I stepped back and looked at the table, pride and love spreading in my chest like a mini halo. It looked beautiful, with a color of warmth and effort.

I looked down at my engagement ring, the diamond glowing dimly in the golden lamps and candles. Six years together, five years married. Sometimes it still felt unreal, I got to marry my childhood crush, my first boyfriend, my one and only, my forever. That kind of love always felt rare to me, like something people dream about but never actually get to live in reality.

I glanced at the antique clock we bought together, and sighed deeply in relief, there were still fifteen minutes left meaning I hadn't been late or way too early either.

His message lit up the screen while I was still tying the last ribbon on the cloth napkins, stupidly feeling proud of how picture-perfect everything looked.

Don't wait up. Might be late, maybe staying at the office.

No congratulations. No goodnight. No sweet name.

I stood there staring at those few words until they blurred like I had suddenly developed dyslexia. Not because the message was rude or cold, but because it was empty. Like we'd stopped being us and I hadn't noticed the exact moment it happened.

I set my phone down on the table beside the candles I'd lit-soft white ones he used to say made the house feel warm and cozy.

Everything looked warm, pretty and romantic. Everything except the part where he wasn't coming home.

I tried telling myself he was just tired. That work was insane and this contract had everyone on edge. That he wasn't avoiding me-just overwhelmed. And maybe that used to be enough of an excuse.

But lately? I couldn't tell if I'm loosing him slowly, or if he'd just slipped away while I was busy believing we were fine.

My phone screen dimmed, leaving his message glowing faintly like it was mocking me.

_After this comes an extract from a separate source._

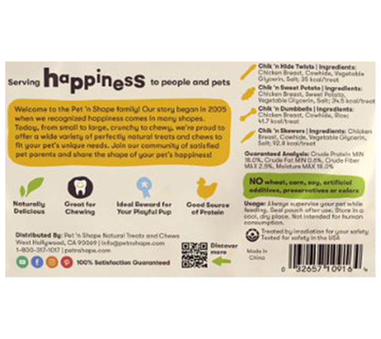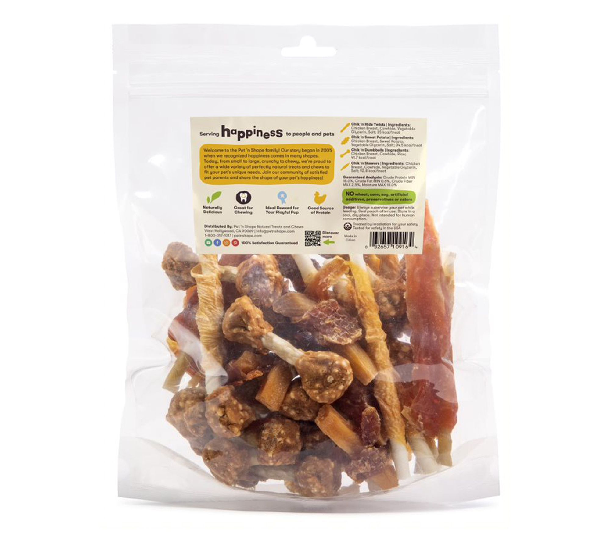 Two paws up! This Chik 'n Mix variety pack is filled with popular treats your dog will love, like Chik 'n Skewers, Chik 'n Sweet Potato, Chik 'n Dumbbells, and Chik 'n Hide Twists. Find out which one is your pup's favorite! From Pet 'n Shape.
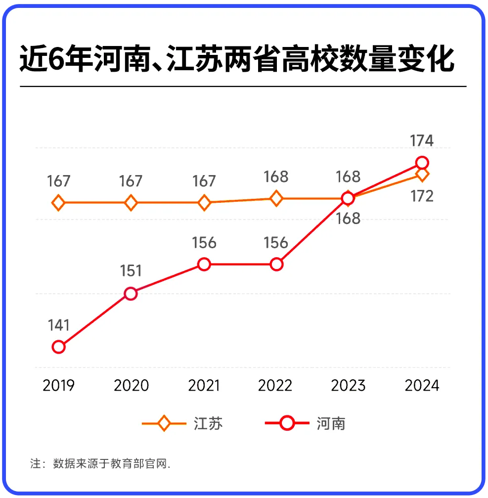 近年來,隨著一批批新大學的設立,全國高校數量分布也在發生變化。據教育部官網2024年6月21日發布的《全國高校學校名單》顯示,截至2024年6月20日,河南高校數量達到174所,超越江蘇(172所),正式晉級全國“高校數量第一省”。

No happy anniversary. No heart emoji. Nothing that even resembled a husband remembering his wife.

I scrolled up through our old messages-little flirty jokes, random I-love-yous from months ago. They felt like someone else's memories now. Someone who still mattered to him.

I gazed at the oversized wedding photo, our beaming faces frozen in time. The smiles we wore, radiant and genuine, seemed almost surreal now. Scattered around it were snapshots of us, carefully captured moments from our journey, laughter pained in frames. But the question lingered, a whisper in the loneliness, what happened to that us, the one that seemed invincible.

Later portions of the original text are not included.